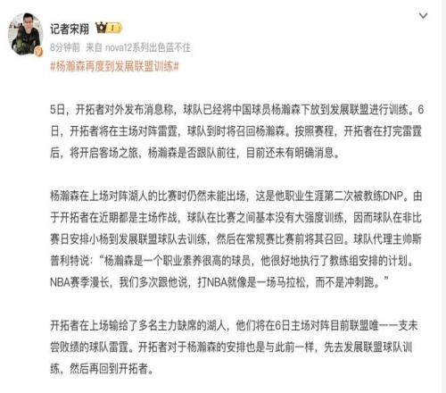 在这一场比赛到来之前,可能球迷最关注的还是杨瀚森到时候会不会有上场的时间。目前根据开拓者球队官方透露的消息,杨瀚森已经在湖人队的比赛结束之后,再度被下放到发展联盟这边参加训练。在对阵雷霆的比赛时再度召回来,不过这样的操作反反复复,实际上也让中国球迷产生了一些质疑和争论,杨瀚森是不是成为了球队的卖票吉祥物?
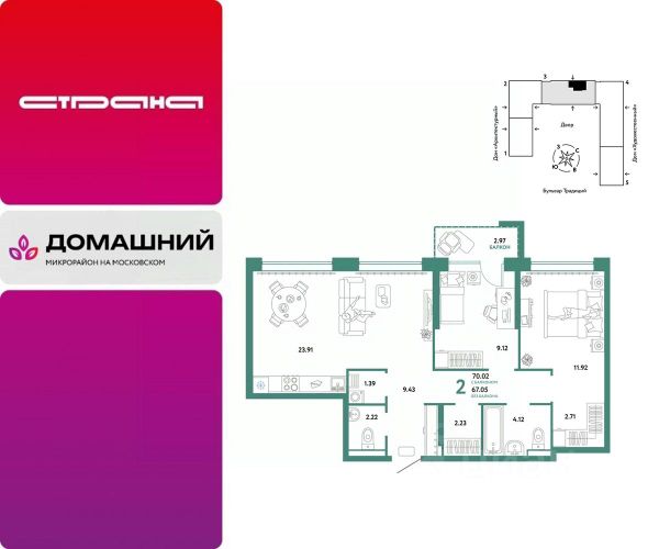 Новая квартира в ЖК "Домашний" напрямую от федеральной группы компаний "Страна Девелопмент". Финансовый партнер — банк "ДОМ.РФ". Продается 2комнатная квартира на 10 этаже от застройщика Страна Девелопмент. Площадь квартиры 42,24 кв. м. ЖК "ДОМАШНИЙ" Жилой комплекс "Домашний" это первый цифровой район в Сибири, где жители заходят в парадные по Face ID, автомобили заезжают в паркинг по сканированию номера, а лифт автоматически спускается на первый этаж при открытии домофона. Даже во дворах — USB-розетки и беседки с подогревом. ПРЕИМУЩЕСТВА -Школа, зеленый сквер и пешеходный бульвар прямо внутри квартала -Закрытые дворы у каждого дома для активного и спокойного отдыха -Охрана, видеонаблюдение 24/7 и доступ к камерам в мобильном приложении -Сквозные парадные с прозрачными входными группами, колясочными и велосипедными -Паркинг с въездом по считыванию номеров, системой контроля выбросов CO2, тележками для покупок и велопарковкой -Торговая галерея на первом этаже дома ОТДЕЛКА Квартиры сдаются с предчистовой отделкой: произведена разводка электричества и отопления, выполнена стяжка пола, стены выровнены "под маяк", установлены розетки, выключатели и радиаторы. ДИЗАЙНЕРСКАЯ ОТДЕЛКА При покупке квартиры в ЖК "Домашний" можно включить стоимость ремонта в ипотеку. Пять вариантов на выбор: Хлопковая нить, Серый шторм, Белый камень, Шалфей, Голубой вереск. СПОСОБЫ ПОКУПКИ Сотрудники "Страна Девелопмент" будут сопровождать вас на каждом этапе сделки, помогут получить одобрение по ипотеке или снизить ежемесячный платеж. - ипотека - материнский капитал -100% оплата наличными
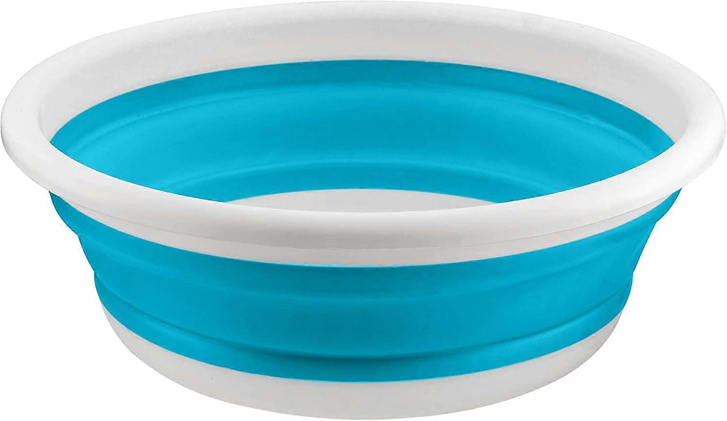 Foldable 5L Medium Round Washing Up Bowl Multi-Purpose Outdoor Travel Wash Basin Portable Silicone Plastic Bucket (Blue)
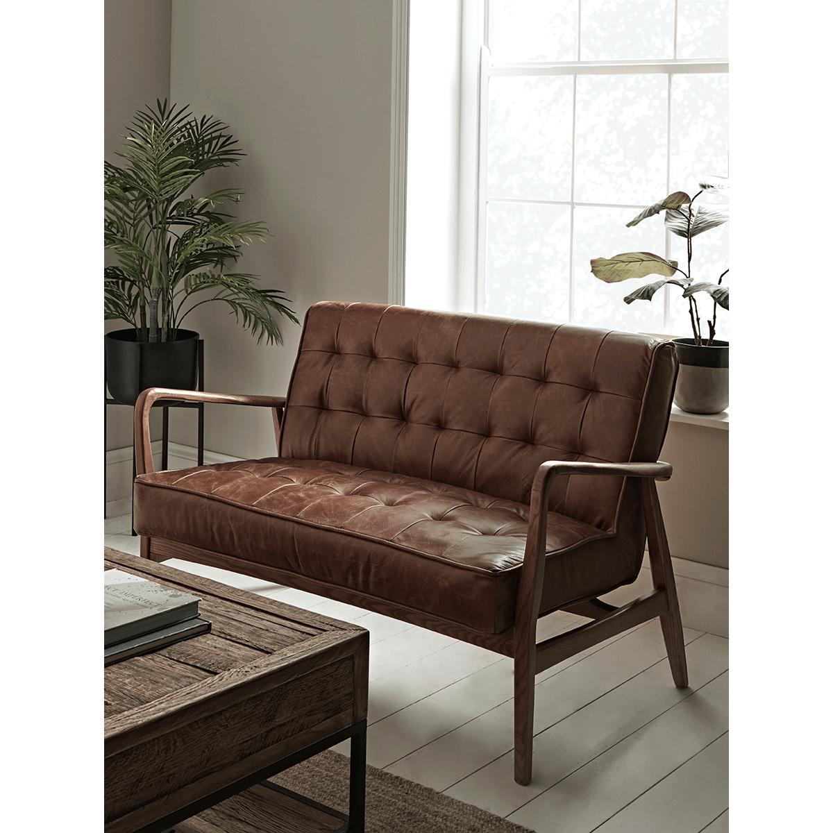 I love this leather mid-century sofa for its clean lines and timeless appeal, making it a versatile piece that can anchor both modern and traditional interiors. It works particularly well in Scandinavian-inspired schemes, where its slim arms and wooden legs complement minimal, neutral palettes, but it also adds warmth to more eclectic or industrial spaces. Practical styling tips include pairing it with textured cushions and layered throws for comfort, or adding an eye-catching coffee table to balance its understated elegance. Its leather finish is durable and easy to maintain, making it a practical choice for family living or frequent entertaining.
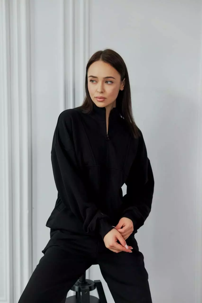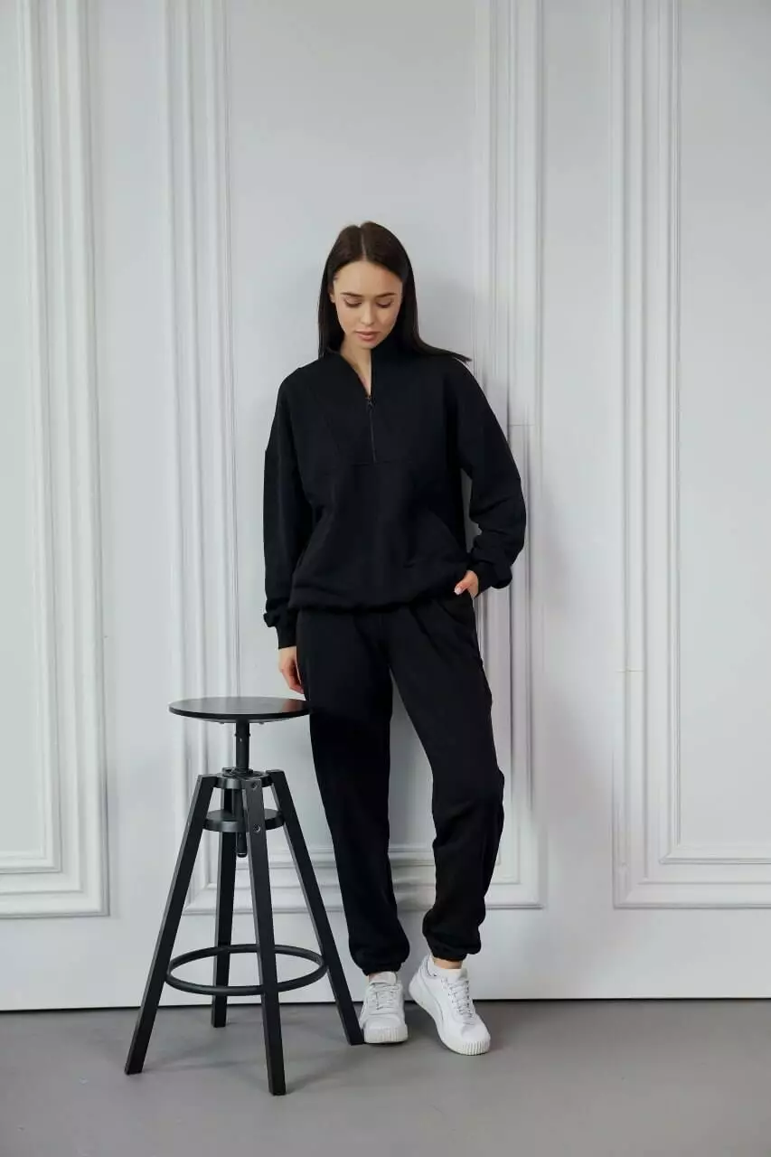 кофту-бомбер на замку з коміром і штани з широкою прошитою резинкою
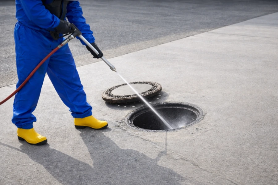 Limpeza profunda de tubulações com jatos de alta pressão. Ideal para remoção de gordura, resíduos e incrustações.

Action item -
Only the lines from the one with "I love this" through the final line of the data should be written out, exactly and including both ends. Skip the pictures.

Answer for this exercise -
 I love this leather mid-century sofa for its clean lines and timeless appeal, making it a versatile piece that can anchor both modern and traditional interiors. It works particularly well in Scandinavian-inspired schemes, where its slim arms and wooden legs complement minimal, neutral palettes, but it also adds warmth to more eclectic or industrial spaces. Practical styling tips include pairing it with textured cushions and layered throws for comfort, or adding an eye-catching coffee table to balance its understated elegance. Its leather finish is durable and easy to maintain, making it a practical choice for family living or frequent entertaining.
 кофту-бомбер на замку з коміром і штани з широкою прошитою резинкою
 Limpeza profunda de tubulações com jatos de alta pressão. Ideal para remoção de gordura, resíduos e incrustações.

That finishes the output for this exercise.